Member of the Wisconsin State Assembly from the Waukesha 4th district
- In office January 5, 1857 – January 4, 1858
- Preceded by: Asa W. Farr
- Succeeded by: George McWhorter

Personal details
- Born: Elihu Enos Jr. January 24, 1824 Kingsboro, New York, U.S.
- Died: November 13, 1892 (aged 68) Waukesha, Wisconsin, U.S.
- Resting place: Prairie Home Cemetery Waukesha, Wisconsin
- Party: Republican
- Spouse: Frances Blake
- Parents: Elihu Enos (father); Dotha (Johnson) Enos (mother);

Military service
- Allegiance: United States
- Branch/service: United States Volunteers Union Army
- Years of service: 1863–1864
- Rank: Captain, USV
- Unit: 28th Reg. Wis. Vol. Infantry
- Battles/wars: American Civil War

= Elihu Enos =

American educator and politician

Elihu Enos, Jr., (January 24, 1824 – November 13, 1892) was an American educator and politician.

==Biography==

Born in Kingsboro, New York, Enos graduated from the New York State Normal School at Albany, New York in 1847. Then, in 1847, he moved to Waukesha, Wisconsin Territory and founded the Waukesha Classical and Normal School.
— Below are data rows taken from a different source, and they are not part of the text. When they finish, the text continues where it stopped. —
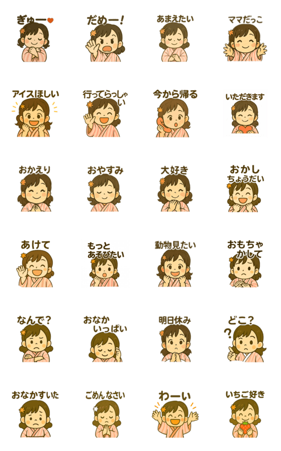 きもの姿の可愛い女の子が「おなかすいた」「アイスほしい」「おかえり」など、子どもが日常で言いそうな言葉を可愛く伝えるLINEスタンプです。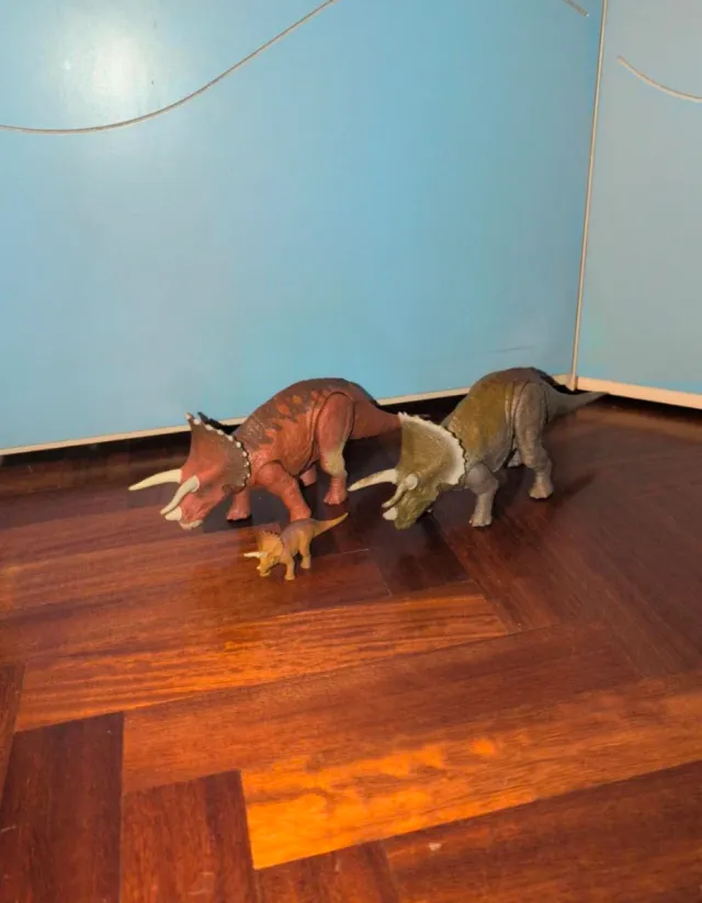 Dettagli del prodottoSet di tre dinosauri Triceratops, ispirati a Jurassic World. Include un esemplare adulto più grande e due più piccoli.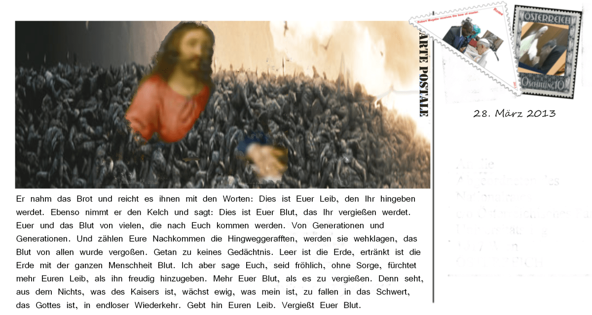 the opening supper Veröffentlicht März 29, 2013 in 2905 × 1548 in Wessen Leiber hinzugeben, wessen Blut zu vergießen ← Zurück Weiter →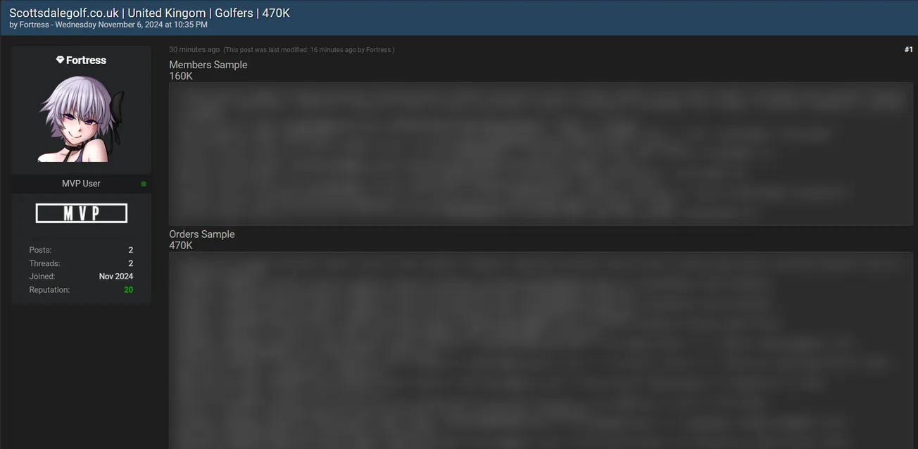 A Threat Actor is Allegedly Selling Data of Scottsdale Golf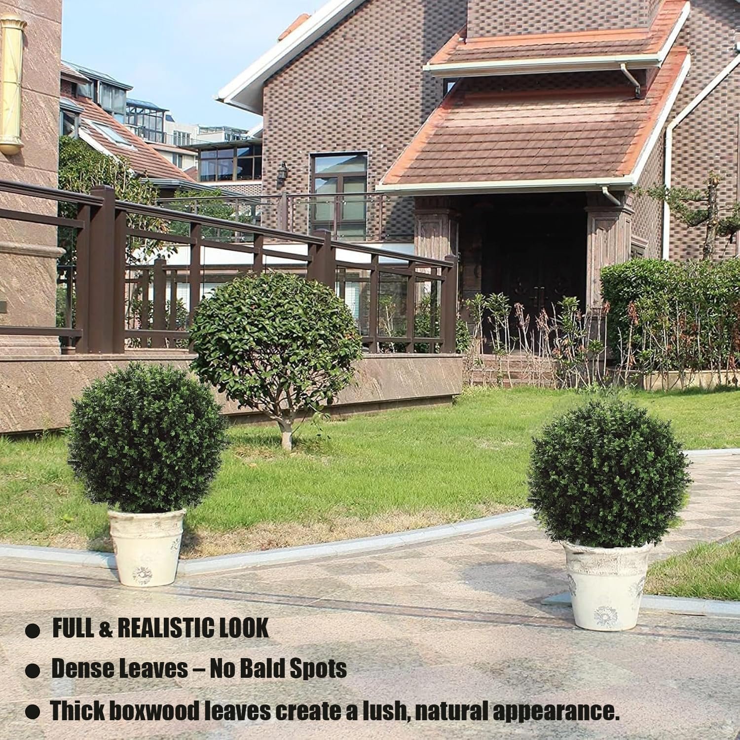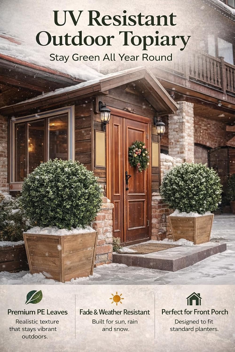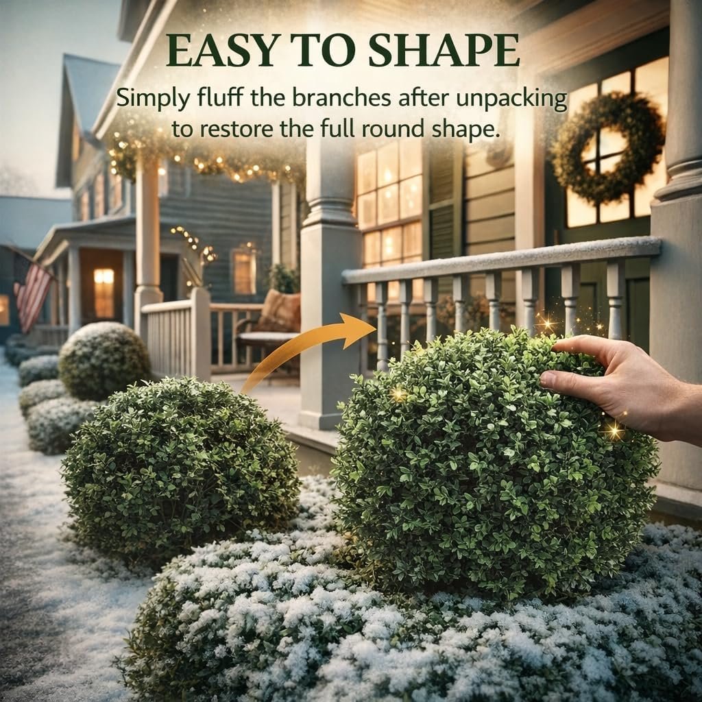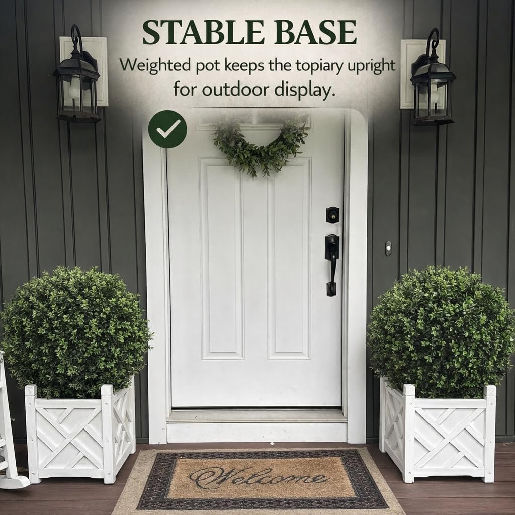 Built for Outdoor Durability – UV & Fade Resistant: Engineered with UV-stabilized, fade-resistant materials to withstand sun, heat, and cold while maintaining vibrant green color year-round. Reliable for exposed front porch, patio, or garden settings.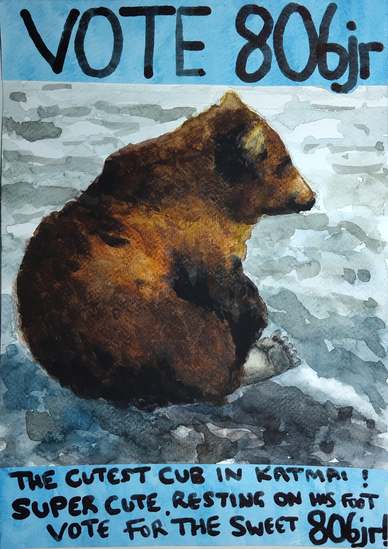 14. Vote for 806jr – the cutest cub in Katmai! Super cute, resting on his foot. Vote for the sweet 806jr! by katbears katbears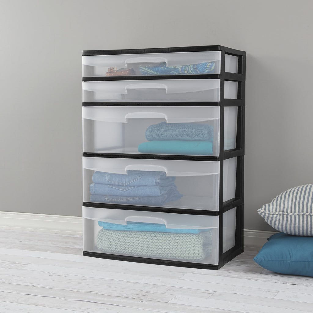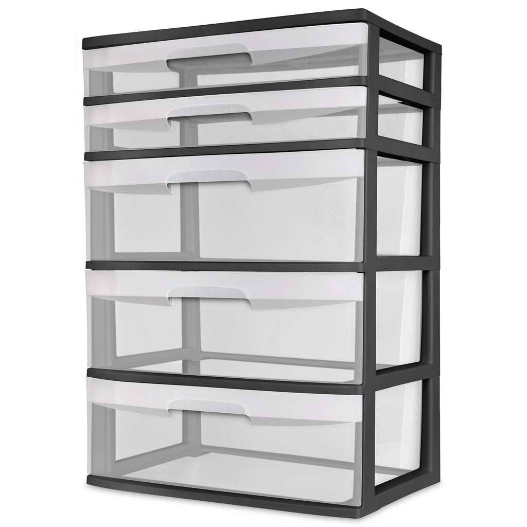 Sterilite Adult Plastic 5 Drawer Wide Tower Black: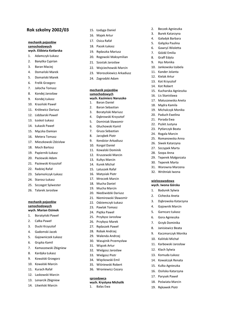 Rok szkolny 2002/03 15. Łodyga Daniel 16. Majek Artur 17. Osica Rafał mechanik pojazdów samochodowych wych. Elżbieta Kotlarska 19. Rędaszka Mariusz 1. Adamczyk Łukasz 20. Rogowski Maksymilian 2. Banytka Cyprian 21. Szostak Jarosław 3. Baran Maciej 22. Wojciechowski Marcin 4. Domański Marek 23. Woroszkiewicz Arkadiusz 5. Domański Marek 24. Zagrodzki Adam 6. Frelik Grzegorz 7. Jałocha Tomasz 8. Kondej Jarosław 9. Kondej Łukasz 10. Krasiński Paweł 11. Królewicz Dariusz 12. Lidzbarski Paweł 13. Łoskot Łukasz 14. Łukasik Paweł 15. Mączka Damian 16. Metera Tomasz 17. Mieszkowski Zdzisław 18. Moch Bartosz 19. Papiernik Łukasz 20. Paziewski Adam 21. Paziewski Krzysztof 22. Radziej Rafał 23. Salamończyk Łukasz 24. Starosz Łukasz 25. Szczegot Sylwester 26. Talarek Jarosław mechanik pojazdów samochodowych wych. Marian Ozimek 1. Boratyński Paweł 2. Całka Paweł 3. Ducki Krzysztof 4. Gadomski Jacek 5. Gajowniczek Łukasz 6. Grązka Kamil 7. Kamaszewski Zbigniew 8. Kardyka Łukasz 9. Kowalski Grzegorz 10. Kowalski Marcin 11. Kurach Rafał 18. Pacek Łukasz mechanik pojazdów samochodowych wych. Kazimierz Naruszko 1. Baran Daniel 2. Baran Sebastian 3. Boratyński Mariusz 4. Dąbrowski Krzysztof 5. Dominiak Sławomir 6. Głuchowski Kamil 7. Gruza Sebastian 8. Jarząbek Piotr 9. Kendzior Arkadiusz 10. Korgol Daniel 11. Kowalski Dominik 12. Kruszewski Marcin 13. Kultys Marcin 14. Kurek Michał 15. Latuszek Rafał 16. Matysiak Piotr 17. Mroczek Marcin 18. Mucha Daniel 19. Mucha Marcin 20. Niedźwidzki Dariusz 21. Niemirowski Sławomir 22. Odziemczyk Łukasz 23. Pawlak Tomasz 24. Piętka Paweł 25. Przybysz Jarosław 26. Przybysz Marek 27. Rędaszek Paweł 28. Robak Andrzej 29. Walenda Andrzej 30. Wasążnik Przemysław 31. Wiącek Artur 32. Wielgosz Jarosław 33. Wielgosz Piotr 34. Więckowski Emil 35. Wiśniewski Robert 36. Wroniewicz Cezary 12. Laskowski Marcin 13. Lenarcik Zbigniew 14. Litwiński Marcin sprzedawca wych. Krystyna Michalik 1. Balas Ewa 2. 3. 4. 5. 6. 7. 8. 9. 10. 11. 12. 13. 14. 15. 16. 17. 18. 19. 20. 21. 22. 23. 24. 25. 26. 27. 28. 29. 30. 31. 32. Beczek Agnieszka Burek Katarzyna Gaładyk Barbara Gałązka Paulina Gawryś Wioletta Góźdź Emilia Graff Edyta Hys Monika Jankowska Izabela Kander Jolanta Kielak Artur Kot Krzysztof Kot Robert Kucharska Agnieszka Lis Stanisława Matuszewska Aneta Mądra Kamila Michalczyk Monika Paduch Ewelina Porada Ewa Pszkit Justyna Pytlarczyk Beata Rogala Marcin Romanowska Anna Siwek Katarzyna Szczypek Marta Szopa Anna Teperek Małgorzata Teperek Marta Warowna Marzena Wrótniak Iwona wielozawodowa wych. Iwona Górska 1. Badurek Sylwia 2. Cichecka Aneta 3. Dąbrowska Katarzyna 4. Gajownik Marcin 5. Garncarz Łukasz 6. Gora Agnieszka 7. Grzyb Dominika 8. Janisiewicz Beata 9. Kaczmarczyk Monika 10. Kaliński Michał 11. Karbowski Jarosław 12. Klach Sylwia 13. Komuda Łukasz 14. Kowalczyk Renata 15. Kulka Agnieszka 16. Osińska Katarzyna 17. Parysek Paweł 18. Poświata Marcin 19. Rękawek Piotr 20. Rogala Magdalena 6. Garnek Kamil 15. Soszka Józef 21. Sacałowski Albert 7. Hys Daniel 16. Szubiński Zbigniew 22. Saganowski Daniel 8. Kapczyński Tomasz 17. Tudek Arkadiusz Kęczkowska Katarzyna 23. Sionek Jarosław 9. 24. Stanieta Romualda 10. Kępka Mariusz 25. Tudek Urszula 11. Komuda Dominik 18. Witak Grzegorz 19. Ziomek Łukasz 26. Wargocka Agnieszka 12. Kruszewska Katarzyna 27. Wielgosz Magdalena 13. Kruś Anna stolarz wych. Paweł Żak 28. Wielgosz Rafał 14. Kuk Łukasz 1. Boratyński Rafał 29. Wójcik Artur 15. Leszek Tomasz 2. Cichecki Tomasz 30. Wrzesińska Dorota 16. Misiak Kamil 3. Dąbrowski Paweł 31. Zając Urszula 17. Nurzyński Błażej 4. Dybcio Kamil 32. Zduńczyk Katarzyna 18. Osiński Paweł 5. Foryś Marek 33. Żołądek Izabela 19. Pasik Adam 6. Górski Dariusz 20. Paziewski Kamil 7. Kędziorek Robert 21. Radziejewska Monika 8. Kosiorek Krystian 22. Rogala Leszek 9. Matysiak Marek 23. Salamończyk Paweł 10. Mądry Mariusz 24. Suchecka Karolina 11. Mucha Rafał wielozawodowa wych. Wojciech Kaczyński 1. Gudro Rafał 2. 3. Kołnierzak Krzysztof Kondej Krzysztof 4. 5. Kosmala Karol Krupa Kamil 6. 7. Lis Damian Łączyński Paweł 8. 9. Makulec Michał Miętusiewicz Piotr 10. Miroński Rafał 11. Miszta Kamil 12. Moch Paweł 13. Ostrowski Krzysztof 14. Poświata Jacek 15. Półtorak Piotr 25. Szostak Emilia 12. Parol Jarosław 26. Tarczyńska Anna 13. Pietrzak Wojciech 27. Trzaskowska Aleksandra 14. Piłka Paweł 28. Trzeciak Tomasz 15. Piotrowski Adam 29. Urlich Kamil 16. Prusiński Marcin 30. Wiechetek Katarzyna 17. Przyczka Przemysław 31. Wilczek Tadeusz 18. Rząsa Sebastian 32. Witak Marcin 19. Szopa Łukasz 33. Wojciechowska Wioletta 20. Szwed Jarosław 34. Woźniak Norbert 21. Trzmiel Tomasz 35. Wójcik Piotr 22. Wałachowski Sylwester 36. Wróbel Paweł 23. Wasiak Andrzej 37. Żak Piotr 24. Wilary Grzegorz 18. Skoczylas Adam 19. Sosnowski Damian rzeźnik/hydraulik wych. Stanisław Jóźwiak 26. Żuraw Łukasz 20. Sulak Tomasz 21. Sztylka Łukasz 1. Belka Paweł 2. Dziubdziński Daniel kucharz wych. Elżbieta Jóźwiak 22. Walenda Leszek 23. Wydra Marcin 3. Filiks Arkadiusz 1. Barcikowski Sebastian 4. Jałocha Artur 2. Brzozowska Anna 5. Kałaska Mirosław 3. Frelik Marta 6. Łukasik Piotr 4. Gac Monika 7. Moch Piotr 5. Gajownik Karolina 8. Mucha Grzegorz 6. Galas Sylwia 9. 16. Przybysz Jarosław 17. Rosłaniec Paweł 24. Zawadka Piotr 25. Żukowski Sylwester sprzedawca/piekarz wych. Iwona Kiełt 25. Zygadło Damian Mucha Piotr 7. Gazda Iwona 1. Belka Adam 10. Osiak Paweł 8. Jałocha Barbara 2. Bogusz Dariusz 11. Osiński Paweł 9. Jarząbek Elwira 3. Brych Paweł 12. Paprota Marek 10. Jaworska Anna 4. Deska Anna 13. Piętka Wojciech 11. Kaczor Aneta 5. Długaszek Magda 14. Rękawek Łukasz 12. Kobus Justyna 13. Kosiorek Katarzyna 28. Wiśniewska Małgorzata 14. Kot Tomasz 29. Zając Jerzy 12. Słomka Krystyna 15. Lasocki Łukasz 30. Zielińska Weronika 13. Struniawski Łukasz 16. Malitka Kamil 14.

He was appointed postmaster of Waukesha in 1849. In 1853, he moved to a farm in the town of Pewaukee, Wisconsin. He served as town superintendent of schools and then Waukesha County, Wisconsin county superintendent of schools. He served in the Wisconsin State Assembly in 1857 and was a member of the Republican Party. During the American Civil War, Enos served in the 28th Wisconsin Volunteer Infantry Regiment; he had to resign from the Union Army and return to Wisconsin because of ill health. In 1872, Enos moved back to Waukesha, Wisconsin and was appointed postmaster of Waukesha for a second time. He died in Waukesha, Wisconsin.